Stored records:
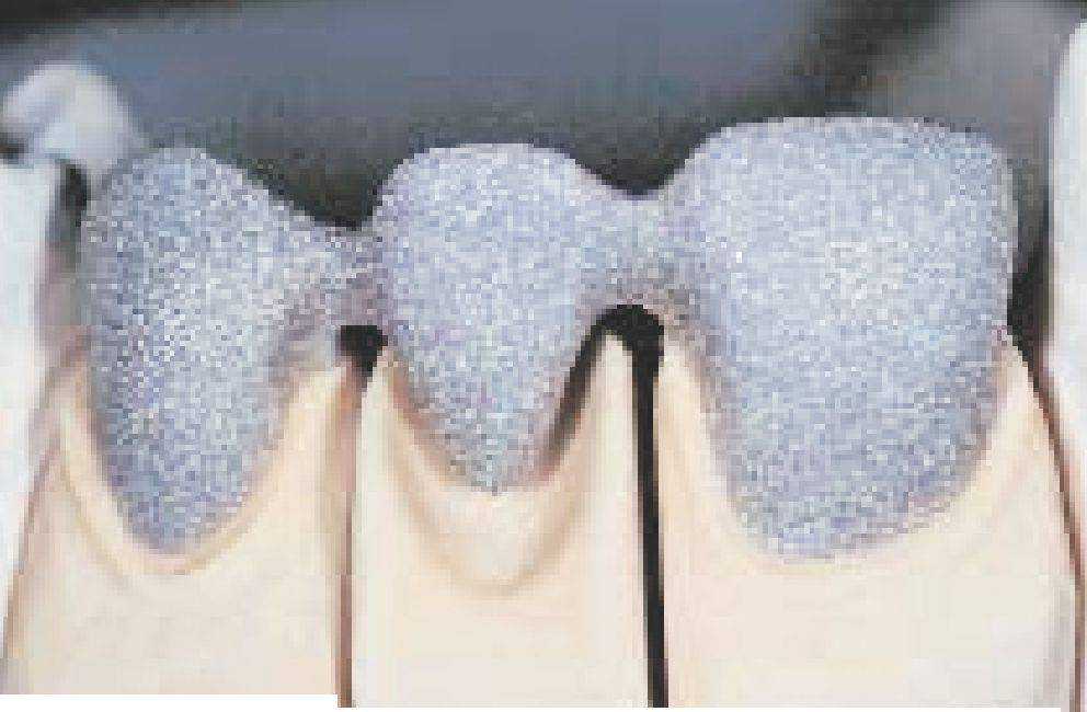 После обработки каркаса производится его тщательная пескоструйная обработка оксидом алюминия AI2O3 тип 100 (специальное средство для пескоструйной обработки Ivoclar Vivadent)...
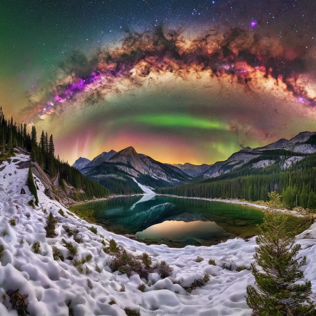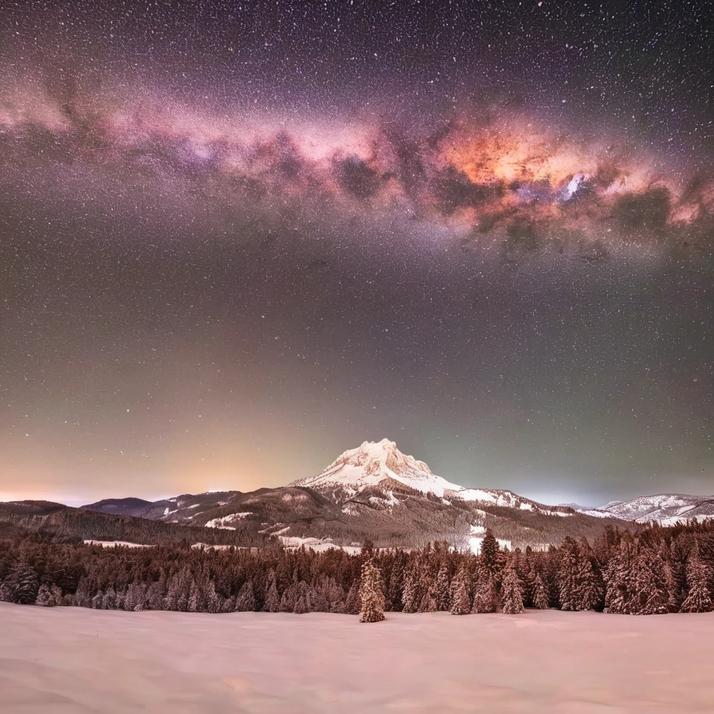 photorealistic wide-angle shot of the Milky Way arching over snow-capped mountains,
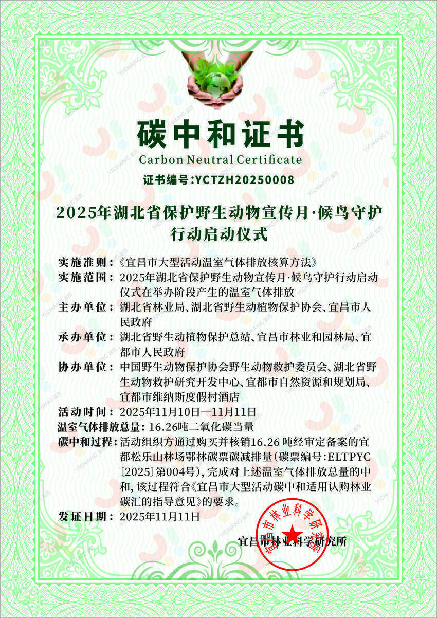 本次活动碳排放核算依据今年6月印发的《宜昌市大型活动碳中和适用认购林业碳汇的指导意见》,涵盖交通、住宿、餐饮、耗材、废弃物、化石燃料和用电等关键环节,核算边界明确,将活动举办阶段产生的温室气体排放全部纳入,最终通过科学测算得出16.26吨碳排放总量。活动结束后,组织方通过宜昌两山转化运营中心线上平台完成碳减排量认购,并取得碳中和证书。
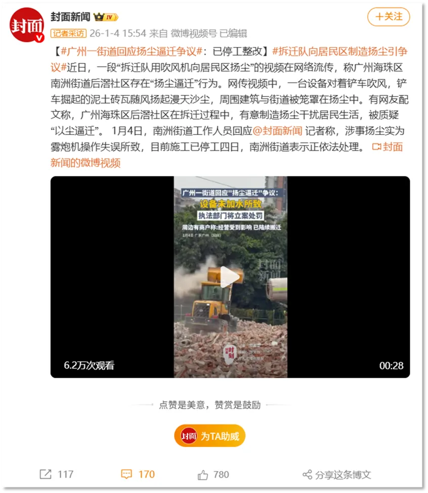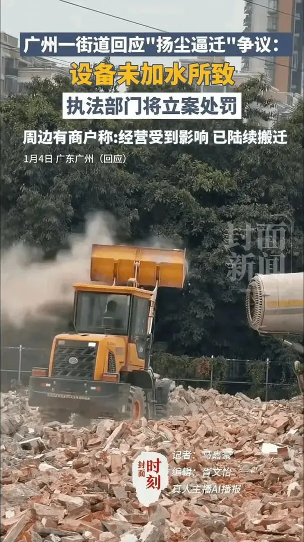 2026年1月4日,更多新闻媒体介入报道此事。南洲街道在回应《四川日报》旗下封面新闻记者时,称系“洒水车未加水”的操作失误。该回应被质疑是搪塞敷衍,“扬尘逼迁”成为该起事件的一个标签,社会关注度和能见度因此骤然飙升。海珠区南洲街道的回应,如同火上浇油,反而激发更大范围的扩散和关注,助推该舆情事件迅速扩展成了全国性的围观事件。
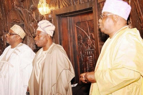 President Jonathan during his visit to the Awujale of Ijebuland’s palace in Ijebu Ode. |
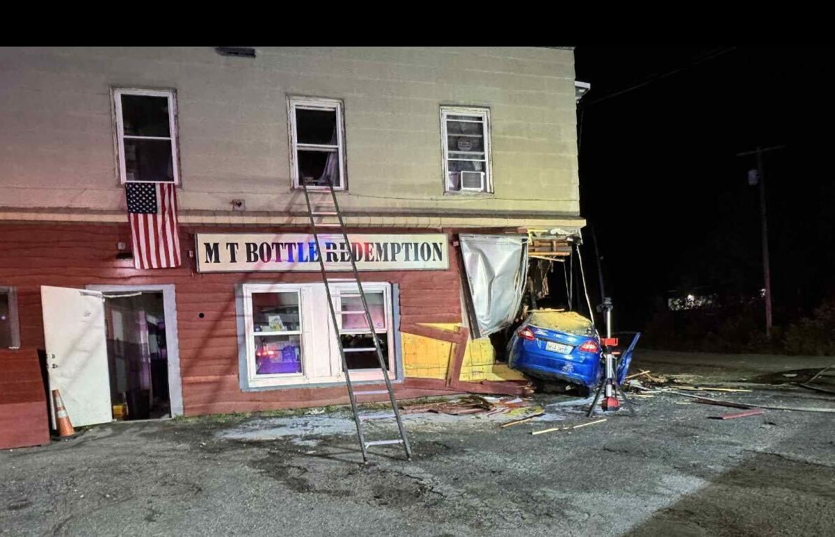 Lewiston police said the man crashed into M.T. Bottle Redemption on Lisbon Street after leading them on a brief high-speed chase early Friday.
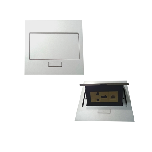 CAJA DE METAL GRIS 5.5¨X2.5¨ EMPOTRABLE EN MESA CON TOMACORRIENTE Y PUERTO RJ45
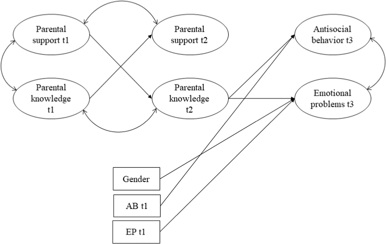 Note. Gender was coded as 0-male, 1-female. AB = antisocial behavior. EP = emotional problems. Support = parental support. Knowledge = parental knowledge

= Task to complete =
Working from the entries above, reproduce exactly and only the lines beginning with the line that has "photorealistic wide-angle shot" and ending with the line that has "Lewiston police said"; omit all pictures.

= Exercise answer =
 photorealistic wide-angle shot of the Milky Way arching over snow-capped mountains,
 本次活动碳排放核算依据今年6月印发的《宜昌市大型活动碳中和适用认购林业碳汇的指导意见》,涵盖交通、住宿、餐饮、耗材、废弃物、化石燃料和用电等关键环节,核算边界明确,将活动举办阶段产生的温室气体排放全部纳入,最终通过科学测算得出16.26吨碳排放总量。活动结束后,组织方通过宜昌两山转化运营中心线上平台完成碳减排量认购,并取得碳中和证书。
 2026年1月4日,更多新闻媒体介入报道此事。南洲街道在回应《四川日报》旗下封面新闻记者时,称系“洒水车未加水”的操作失误。该回应被质疑是搪塞敷衍,“扬尘逼迁”成为该起事件的一个标签,社会关注度和能见度因此骤然飙升。海珠区南洲街道的回应,如同火上浇油,反而激发更大范围的扩散和关注,助推该舆情事件迅速扩展成了全国性的围观事件。
 President Jonathan during his visit to the Awujale of Ijebuland’s palace in Ijebu Ode. |
 Lewiston police said the man crashed into M.T. Bottle Redemption on Lisbon Street after leading them on a brief high-speed chase early Friday.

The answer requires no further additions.